Records supplied: Begin

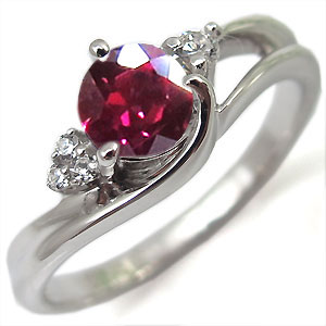 7月誕生石大粒ルビーを一粒使用したシンプルデザインのプラチナ製リングです。
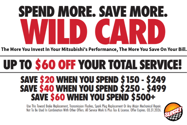 Valid at Sunset Mitsubishi only. Void where prohibited by law. Taxes not included in price. Coupon has no cash value. Environmental disposal fees may apply. Not to be combined with any other offers, Coupons, or prior discounts. Must present coupon in person at the time of arrival. Limit one coupon per customer per service item to receive these savings. Expires 03/31/26
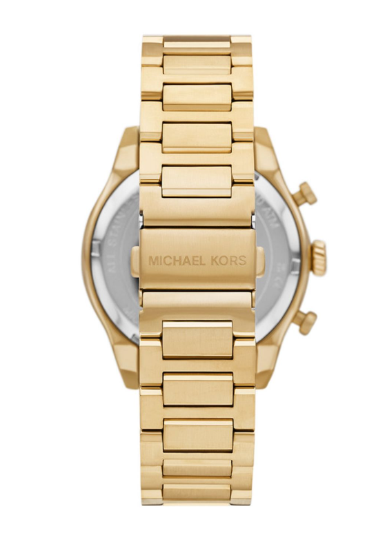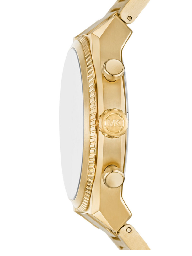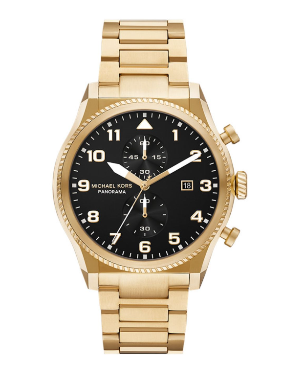 Dit horloge heeft een zwarte analoge wijzerplaat met een geelgoudkleurige kast (44 mm diameter) en is voorzien van mineraal glas. Het horloge is voorzien van een quartz (batterij) uurwerk en is 10 ATM/Bar (100m) waterdicht. Dit horloge komt uit de Panorama serie. Het horloge heeft de volgende extra functies: chronograaf, datum. Voor meer informatie over Michael Kors gaat u naar www.michaelkors.com.
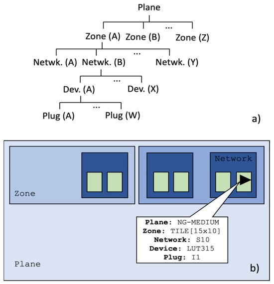 The reconfigurable matrix is loosely based on the island-style FPGA model, where arrays of logic blocks are interposed with routing channels. Input and Output Buffers (IOBs), clock generators and, in the case of the newer devices (i.e., NG-ULTRA), interfaces for the processor are located at the edges of the programmable logic. The logic resources are spatially organized in a descendent tree manner, with the highest level being Plane followed by Zone, Network, Device, and Plug, as shown in Figure 1a. The Plane represents the whole programmable logic matrix and it is associated with the model of the FPGA chip (namely, Variant). The Zone is the first subset of resources, either logic (e.g., Tile and CGB) or for global routing purposes (e.g., Mesh), and interfaces (e.g., Fence, JTAG, IOB). The Networks are further subsets within the Zone while Devices and Plugs represent a physical resource and its pins. For instance, an input pin (e.g., Plug: I1) of a LUT (e.g., Device: LUT315) in the NG-MEDIUM variant can be described in Figure 1b. Finally, the Plugs of a Device can be mutually distinguished into Emitter (i.e., output pin) and Receiver (i.e., input pin). Moreover, it is useful to note that Zones names are unique (e.g., TILE [15 × 10] univocally identifies the Tile located in the 10th row and 15th column of the reconfigurable matrix), while Networks, Devices and Plugs names can be repeated among zones, although they will be still unique within the same one (e.g., with respect to the example shown in Figure 1b, a device named LUT315 appears in both zones TILE [15 × 10] and TILE [2 × 2] among the others but, within a given one, it is unique). In this way, a list as:
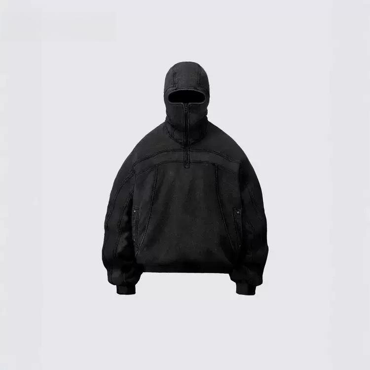 ZYLLO Classic Sturmhauben-Hoodie Herren Verwaschenes Grau Ninja Pullover Sweatshirt Hip Hop Splicing Y2k Vintage Winter Streetwear Partner-Oberteile
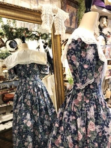 繊細でヴィクトリアンな花柄が魅力的なワンピースです。
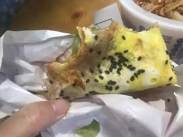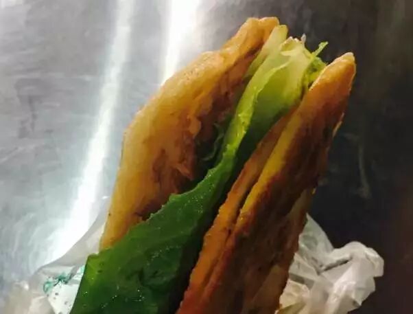 新鲜的菜叶,酥脆的煎饼,再撒上颗粒饱满的大芝麻粒子,足以看出老板的用心。
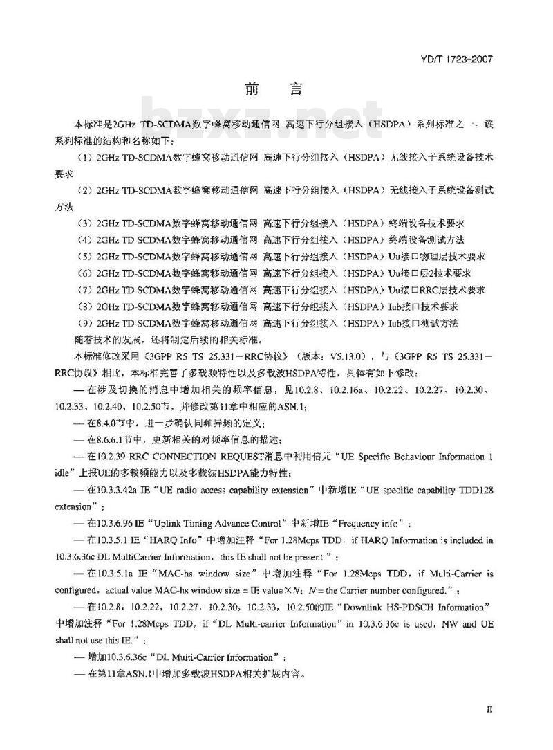 YD/T 1723适用于2GHz TD-SCDMA数字蜂窝移动通信网高速下行分组接入(HSDPA)Uu接口RRC层。
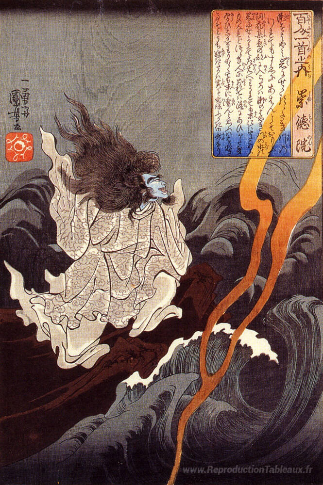Nous vous proposons une reproduction artisanale sur toile du célèbre tableau 'Sotoku invoquant une tempête de tonnerre' de Utagawa Kuniyoshi, provenant du Musée de la Reproduction.
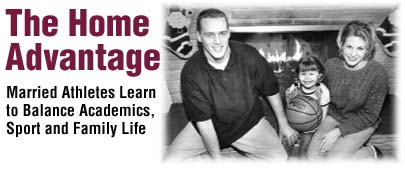 Seattle Pacific University senior Jeff McBroom knows the importance of teamwork on the court -- and at home. After practicing up to four hours a day as a starting forward for the Falcon varsity basketball team, attending classes and studying, he carves out time for his most important priority: his family. McBroom is one of six SPU student-athletes on this year's basketball, volleyball and soccer teams that balance academics, a demanding athletic career and a family. Married for three years, the 23-year-old McBroom and his wife, Karrie, found the move to SPU from Green River Junior College in 1995 took some adjustment. With the arrival of their daughter, Ashley, McBroom admits that it hasn't been easy juggling basketball, marriage and fatherhood."We were newlyweds with a baby going to a school where we didn't know anybody," he says. "It was really challenging." Until this year, McBroom was the only married man on his team and sometimes had trouble connecting with teammates whose lives seemed carefree in comparison. "I felt like they just had no clue about the life that I live," he says. That's changed this year with the marriage of senior center Chuck Carter and junior point guard Ryan Skogstad. "I wouldn't have guessed when I was a freshman that I'd be married now," admits Skogstad, who says he can see why other players might not understand his life. "They do a doubletake when I take off my ring and put it in my locker." Like McBroom, Skogstad found his transfer from Western Baptist College this fall difficult. Married in early September, he and his wife, Kelsie, had only a few weeks to get adjusted before Ryan began classes and full-time practice. "A new school, a new city, Kelsie's new job --all these changes were a stress," says Skogstad. Carter, whose wife, Kathy, is a nurse, says the biggest challenge in his marriage is keeping up with each other. "If you are just a student and married, it's still tough with classes, but being married and an athlete just squeezes that much more out of you." The Skogstads also struggle to find time together. Kelsie works full-time as a program director for Olympic Athletic Club during the day, while Ryan often has evening practices. "We try to find time together," he says. "I find little breaks for homework so the time I have free I can spend with her." Another married Falcon basketball player is Shauna Bland, a junior point guard on the women's varsity team. For Bland and her SPU-student husband, Eli,"Time is the biggest challenge because our schedules are opposite," she says. In addition to juggling schedules and time for study and work, the couples experience tensions related to budgets and finance. McBroom's main source of income is an athletic scholarship -- but that doesn't pay for everything. "Week to week we barely get by," he says. The couple relies on family for some financial support, and Karrie has put her own college education on hold to work full-time. The Blands rely on a combination of athletic and academic scholarships, work and their families to pay for school and living expenses. Faith in each other and faith in God helps the couples stay in balance. "We do devotions together every night," says Ryan. "I think that keeps Kelsie and I together and helps us realize what's important in life." Likewise, the McBrooms find support at the Solid Rock Community Church where Jeff is a worship leader. Despite all the challenges, the athletes say they wouldn't do anything differently. "I'm not worrying about who I'm going to marry and what's going to happen," says McBroom. Carter agrees, adding, "You have someone waiting for you at home that loves you as much as you love them." For these Falcon athletes, teamwork has a whole new meaning. | ||||
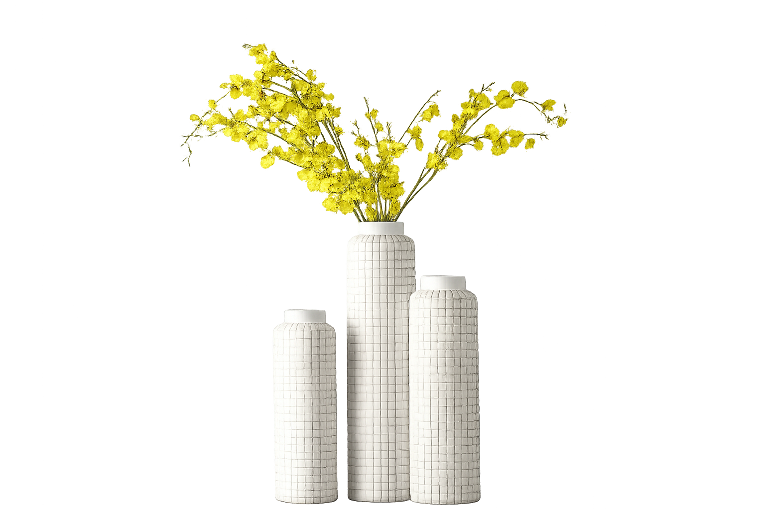 The neutral white finish allows the vases to blend effortlessly with any décor style while highlighting the intricate textured surface. Perfect for displaying fresh flowers, dried stems, or decorative branches, these vases instantly add height, balance, and visual interest to tabletops, consoles, shelves, or dining areas.

Records supplied: End

> _What to do_: Could you output the full set of entries exactly, skipping every picture?

> _Answer to the problem_:
 7月誕生石大粒ルビーを一粒使用したシンプルデザインのプラチナ製リングです。
 Valid at Sunset Mitsubishi only. Void where prohibited by law. Taxes not included in price. Coupon has no cash value. Environmental disposal fees may apply. Not to be combined with any other offers, Coupons, or prior discounts. Must present coupon in person at the time of arrival. Limit one coupon per customer per service item to receive these savings. Expires 03/31/26
 Dit horloge heeft een zwarte analoge wijzerplaat met een geelgoudkleurige kast (44 mm diameter) en is voorzien van mineraal glas. Het horloge is voorzien van een quartz (batterij) uurwerk en is 10 ATM/Bar (100m) waterdicht. Dit horloge komt uit de Panorama serie. Het horloge heeft de volgende extra functies: chronograaf, datum. Voor meer informatie over Michael Kors gaat u naar www.michaelkors.com.
 The reconfigurable matrix is loosely based on the island-style FPGA model, where arrays of logic blocks are interposed with routing channels. Input and Output Buffers (IOBs), clock generators and, in the case of the newer devices (i.e., NG-ULTRA), interfaces for the processor are located at the edges of the programmable logic. The logic resources are spatially organized in a descendent tree manner, with the highest level being Plane followed by Zone, Network, Device, and Plug, as shown in Figure 1a. The Plane represents the whole programmable logic matrix and it is associated with the model of the FPGA chip (namely, Variant). The Zone is the first subset of resources, either logic (e.g., Tile and CGB) or for global routing purposes (e.g., Mesh), and interfaces (e.g., Fence, JTAG, IOB). The Networks are further subsets within the Zone while Devices and Plugs represent a physical resource and its pins. For instance, an input pin (e.g., Plug: I1) of a LUT (e.g., Device: LUT315) in the NG-MEDIUM variant can be described in Figure 1b. Finally, the Plugs of a Device can be mutually distinguished into Emitter (i.e., output pin) and Receiver (i.e., input pin). Moreover, it is useful to note that Zones names are unique (e.g., TILE [15 × 10] univocally identifies the Tile located in the 10th row and 15th column of the reconfigurable matrix), while Networks, Devices and Plugs names can be repeated among zones, although they will be still unique within the same one (e.g., with respect to the example shown in Figure 1b, a device named LUT315 appears in both zones TILE [15 × 10] and TILE [2 × 2] among the others but, within a given one, it is unique). In this way, a list as:
 ZYLLO Classic Sturmhauben-Hoodie Herren Verwaschenes Grau Ninja Pullover Sweatshirt Hip Hop Splicing Y2k Vintage Winter Streetwear Partner-Oberteile
 繊細でヴィクトリアンな花柄が魅力的なワンピースです。
 新鲜的菜叶,酥脆的煎饼,再撒上颗粒饱满的大芝麻粒子,足以看出老板的用心。
 YD/T 1723适用于2GHz TD-SCDMA数字蜂窝移动通信网高速下行分组接入(HSDPA)Uu接口RRC层。
Nous vous proposons une reproduction artisanale sur toile du célèbre tableau 'Sotoku invoquant une tempête de tonnerre' de Utagawa Kuniyoshi, provenant du Musée de la Reproduction.
 Seattle Pacific University senior Jeff McBroom knows the importance of teamwork on the court -- and at home. After practicing up to four hours a day as a starting forward for the Falcon varsity basketball team, attending classes and studying, he carves out time for his most important priority: his family. McBroom is one of six SPU student-athletes on this year's basketball, volleyball and soccer teams that balance academics, a demanding athletic career and a family. Married for three years, the 23-year-old McBroom and his wife, Karrie, found the move to SPU from Green River Junior College in 1995 took some adjustment. With the arrival of their daughter, Ashley, McBroom admits that it hasn't been easy juggling basketball, marriage and fatherhood."We were newlyweds with a baby going to a school where we didn't know anybody," he says. "It was really challenging." Until this year, McBroom was the only married man on his team and sometimes had trouble connecting with teammates whose lives seemed carefree in comparison. "I felt like they just had no clue about the life that I live," he says. That's changed this year with the marriage of senior center Chuck Carter and junior point guard Ryan Skogstad. "I wouldn't have guessed when I was a freshman that I'd be married now," admits Skogstad, who says he can see why other players might not understand his life. "They do a doubletake when I take off my ring and put it in my locker." Like McBroom, Skogstad found his transfer from Western Baptist College this fall difficult. Married in early September, he and his wife, Kelsie, had only a few weeks to get adjusted before Ryan began classes and full-time practice. "A new school, a new city, Kelsie's new job --all these changes were a stress," says Skogstad. Carter, whose wife, Kathy, is a nurse, says the biggest challenge in his marriage is keeping up with each other. "If you are just a student and married, it's still tough with classes, but being married and an athlete just squeezes that much more out of you." The Skogstads also struggle to find time together. Kelsie works full-time as a program director for Olympic Athletic Club during the day, while Ryan often has evening practices. "We try to find time together," he says. "I find little breaks for homework so the time I have free I can spend with her." Another married Falcon basketball player is Shauna Bland, a junior point guard on the women's varsity team. For Bland and her SPU-student husband, Eli,"Time is the biggest challenge because our schedules are opposite," she says. In addition to juggling schedules and time for study and work, the couples experience tensions related to budgets and finance. McBroom's main source of income is an athletic scholarship -- but that doesn't pay for everything. "Week to week we barely get by," he says. The couple relies on family for some financial support, and Karrie has put her own college education on hold to work full-time. The Blands rely on a combination of athletic and academic scholarships, work and their families to pay for school and living expenses. Faith in each other and faith in God helps the couples stay in balance. "We do devotions together every night," says Ryan. "I think that keeps Kelsie and I together and helps us realize what's important in life." Likewise, the McBrooms find support at the Solid Rock Community Church where Jeff is a worship leader. Despite all the challenges, the athletes say they wouldn't do anything differently. "I'm not worrying about who I'm going to marry and what's going to happen," says McBroom. Carter agrees, adding, "You have someone waiting for you at home that loves you as much as you love them." For these Falcon athletes, teamwork has a whole new meaning. | ||||
 The neutral white finish allows the vases to blend effortlessly with any décor style while highlighting the intricate textured surface. Perfect for displaying fresh flowers, dried stems, or decorative branches, these vases instantly add height, balance, and visual interest to tabletops, consoles, shelves, or dining areas.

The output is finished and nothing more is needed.